Base layers: Layering is important, but wearing the right layers is more important. Choose base layers that are designed to protect you from the cold. Patagonia’s Capilene Thermal Weight Crew, a Fair Trade Certified product, is lightweight and breathable yet it keeps you amazingly toasty. For bottoms, Obermeyer’s Nellie Tight helps keep your lower half very comfortable.

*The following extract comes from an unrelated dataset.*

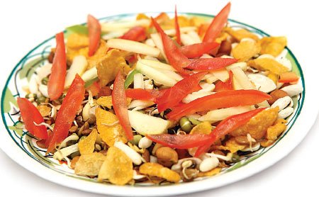 செய்முறை: உருளைக்கிழங்கை வேகவைத்து தோலுரித்து பொடியாக நறுக்கவும். ஆப்பிளை பொடியாக நறுக்கி, எலுமிச்சைச் சாறு விட்டு கலக்கி வைக்கவும். வெங்காயம், தக்காளியை மிகவும் பொடியாக நறுக்கவும். அகலமான பேஸினில் வேர்க்கடலை, முளைகட்டிய பயறு, தக்காளி, மாதுளை, பொரி, மாங்காய், உருளைக்கிழங்கு, வெங்காயம், ஆப்பிள் துண்டுகள், கார்ன் ஃப்ளேக்ஸ், உப்பு சேர்த்து நன்கு குலுக்கிக் கலக்கவும். பரிமாறும் முன் இந்தக் கலவையை தட்டில் போட்டு தேவையான இனிப்பு சட்னி விட்டுக் கலந்து, கரம் மசாலாத்தூள், மல்லித்தழை தூவி பரிமாறவும்.

A jacket: Even though you’re going on a cold-weather vacation, there’s no need to overpack. One lightweight, waterproofed jacket, preferably insulated, is good enough. If you run hot, however, opt for a warm fleece vest instead.

Pants: Wearing proper ski pants is more important than anything else to keep you warm, comfortable, dry and mobile. Patagonia makes some high quality insulated pants that fit quite nicely. They’re made of GORE-TEX® fabric with a durable water repellent finish.

Snow boots: While ski/snowboarding boots are available to rent, boots designed for snow aren’t. And you need a proper pair for when you’re snowmobiling, ziplining or simply walking around town. The North Face’s Chilkat boots are sturdy and great for trudging on snow, while their Thermoball boots are warm, lightweight options.

Socks: Believe us; it’s not about the thickness. It’s all about the material. Get a pair of Smartwool socks instead. They’re thin, breathable and warm.

Gloves: If you think you don’t need gloves when skiing, snowmobiling or ziplining, you’re completely wrong. A good pair of waterproofed gloves, preferably with wrist lashes, will protect your hands from frostbite.

Carry-all pack: If you’re planning on bringing your DSLR and other camera gear while skiing or doing your après ski activities—there’s nothing that compares to the views at the top of the mountains—consider a water repellent daypack that can fit other things as well like protein bars and water.